Non di soli reati vivono le preoccupazioni dei nuovi gestori dell’ex Ilva di Taranto. ArcelorMittal, va detto, continua a dire che il vero problema è la cosiddetta “esimente penale”: preferisce farsela cancellare dalla Consulta a ottobre più che dal governo a settembre; se non verrà accontentata – dice – chiuderà Taranto.
In realtà, come ben sanno in Francia, dove Mittal chiuse l’impianto di Arcelor solo un anno e mezzo dopo averlo comprato, questo non è certo il motivo principale per cui si parla di chiusura della fu Ilva nonostante il recente acquisto da parte della multinazionale. Intanto va ricordata una cosa: la più grande acciaieria d’Europa attualmente perde all’ingrosso un milione al giorno e sarà redditizia solo se potrà tornare a produrre 8-10 milioni di tonnellate l’anno contro le meno di cinque attuali (a questo proposito, risparmiare 8 milioni di stipendio con la Cig per 1.400 persone è almeno non rilevante).
Problema: il contratto di acquisto prevede un tetto alla produzione a 6 milioni di tonnellate, che potranno essere elevate a 8 – “a parità di emissioni” – portato a termine il Piano Ambientale. Solo che ora, su esposto del sindaco di Taranto sul danno sanitario, il ministro dell’Ambiente Sergio Costa ha riaperto l’iter per una nuova Autorizzazione integrata ambientale: detto sbrigativamente, questo potrebbe/dovrebbe comportare tetti più stringenti alla produzione visto che l’Ilva continua a inquinare Taranto e a far ammalare le persone (il trend è in diminuzione, ma superiore al normale).
E qui si torna al perché si continua a parlare di chiusura.

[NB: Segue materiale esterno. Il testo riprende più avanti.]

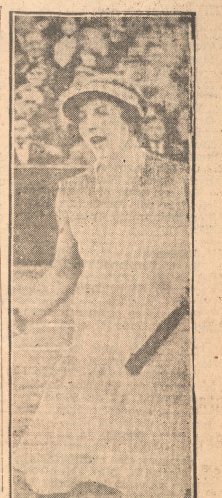
HELEN WILLS, la gran tenista de fama mundial

Comunicaciones llegadas de Nueva York aseguran que la tenista de fama mundial Miss Helen Moody Wills ha sido invitada a Sudamerica por la Asociación Argentina de Tennis. La reciente vencedora de Wimbledon y por ende considerada la mejor raqueta femenina mundial de tennis estaría dispuesta a realizar una gira por sudamerica formando en compañía de varios buenos jugadores europeos que también han sido invitados a actuar en Buenos Aires. El anuncio de la jira de Miss Moody, mejormente conocida como Helen Wills en los círculos del tennis mundial, ha despertado un interés poco común y se sabe que la Federación Chilena haría gestiones activas para que la celebrada jugadora actuara en los courts de la capital. La rival indicada de Miss Wills para sus matches en Chile sería indudablemente Anita Lizana, la jugadora que ya viene de regreso de su triunfal jira por los courts de Europa y que se ha consagrado como una de las mejores jugadoras del mundo por su campaña realizada. La jira de Miss Wills y de sus ases del tennis mundial como el Baron Von Cram y otros se realizaría en el mes de febrero y el cable termina asegurando que sólo falta ultimar algunos puntos relacionados con la financiación de los gastos de viaje de la gran jugadora y acompañantes de parte de las Federaciones de Tennis de Sudamerica. Informaremos sus ediciones próximas sobre el particular.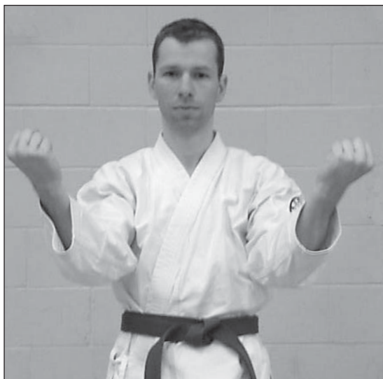
DERECHA: PATADA FRONTAL (MAEGERI).

El análisis de conglomerados basado en la categorización de temáticas en la Tabla 1 reveló que las katas clásicas formaban dos conglomerados (Figura 1). El primer conglomerado incluiría Sesan, Suparimpei/Pechurin, y Sanseru. El segundo conglomerado incluiría Saifa, Shisochin, Seipai, Kururunfa, y Seiunchin. El primer conglomerado fue etiquetado como el Conglomerado Higaonna (Conglomerado H). El segundo conglomerado fue etiquetado como el Conglomerado Miyagi (Conglomerado M). Esto hizo surgir algunas preguntas importantes en relación a la evolución del Goju-ryu moderno tal y como fue formulado por Miyagi Chojun.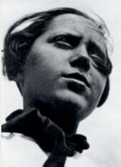
Пионерка, А. Родченко (1930)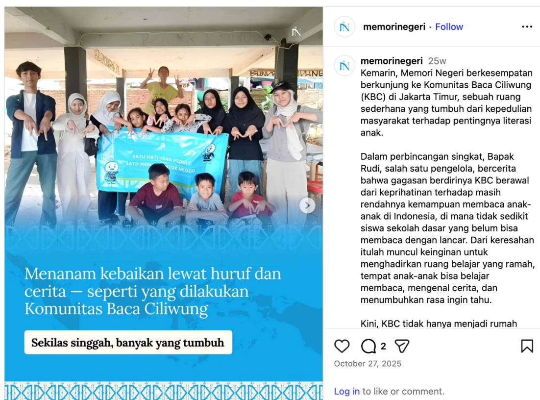
Gambar 1. Kegiatan Komunitas Baca Ciliwung

Kolaborasi dengan Media Massa. Selain media digital, komunitas juga aktif menjalin hubungan dengan media massa untuk memperluas jangkauan komunikasi. Kolaborasi ini dilakukan melalui publikasi kegiatan, wawancara, dan peliputan isu lingkungan. Penelitian Wang dan Jiang (2025) menunjukkan bahwa media massa memiliki pengaruh signifikan dalam membentuk persepsi risiko masyarakat. Framing media terhadap suatu bencana dapat mempengaruhi bagaimana masyarakat memahami tingkat ancaman dan urgensi tindakan mitigasi. Oleh karena itu, media relations menjadi strategi penting dalam mengelola narasi publik.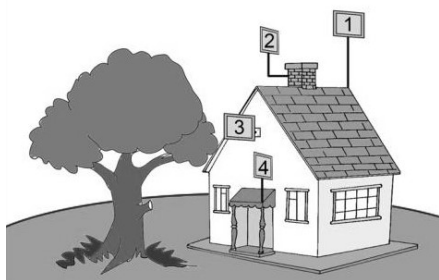
Рисунок 1 – Варианты установки антенны

3.2. На пути от антенны до базовой станции не должно быть никаких близко стоящих высоких препятствий (здания, горы, холмы, лесопосадки и т.п.) мешающих распространению сигнала. Поэтому устанавливайте антенну как можно выше.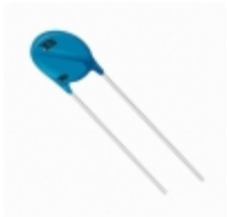
MOV-10D271K Bourns Inc. VARISTOR 270V 2.5KA DISC 10MM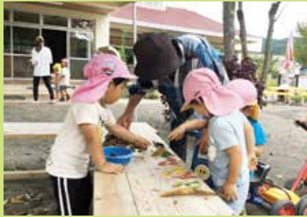
『ドキュメンテーションに発見や気づきを記録』

保育の中で、保育ドキュメンテーション(写真付きエピソード記録)が注目されています。子どもの姿を振り返り、対話し、味わい、保育の質を高めていく道具。その対話とは、自分、同僚、こども、保護者との対話のことだそう。これをやるようになり、子どもの話に耳を傾けることが増えました。子どもの気持ちを先取りすることなく、子ども自身が感じたことに共感することができます。自分で気づき、考えることができるように待つことで、自らのびのびと育つ力が育っているように感じました。そして、驚きや気づきをシェアすることで、その学びがみんなへと広がっていき、子どもの魅力をより感じられるようになりました。みんなで幸せな保育・子育てができるように続けていきたいと思っています。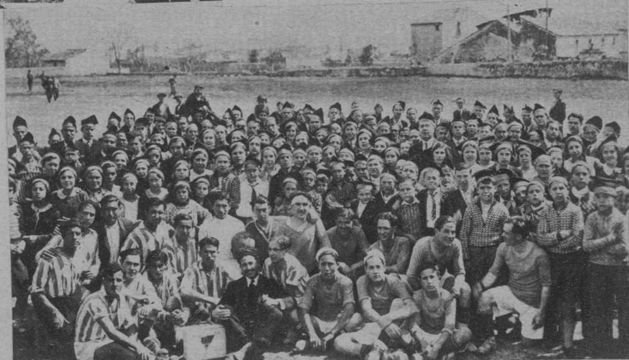
Torredembarra.—La Sociedad Coral, que dió un concierto a beneficio del Hospital, en el campo de Fútbol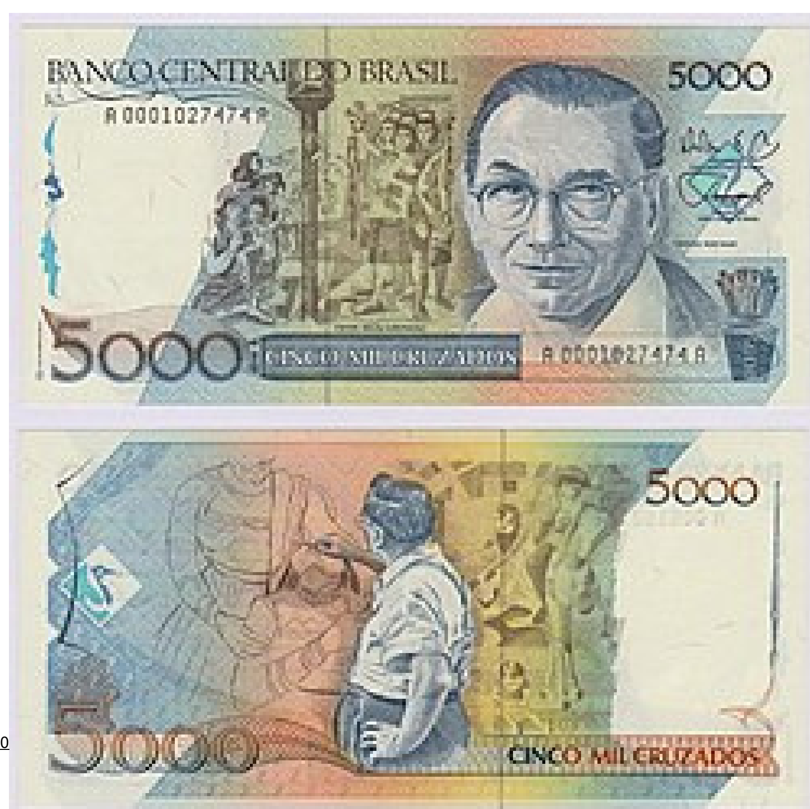
Portinari e suas obras representados na cédula de 5000 Cruzados, que circulou no Brasil entre 1986 e 1989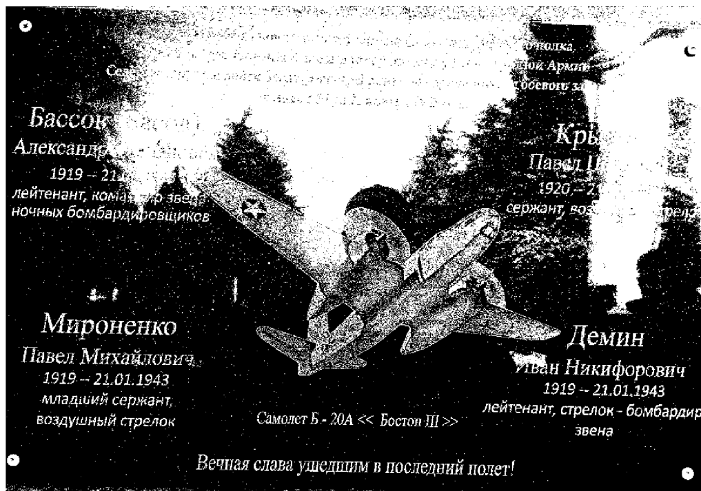
Фото 4 - Памятная плита с именами героев на мемориальной стене

La domanda mondiale d’acciaio è in contrazione da mesi e il mercato Ue non è impermeabile, diciamo così, a quello prodotto in Asia e in Turchia a minor costo. In sostanza in Europa resta una sovra-capacità produttiva di circa 30 milioni di tonnellate l’anno e per ArcelorMittal, maggior player del continente, acquisiti i clienti ex Ilva potrebbe essere un affare anche chiudere l’impianto e basta: l’importante è che a Taranto non produca nessun concorrente.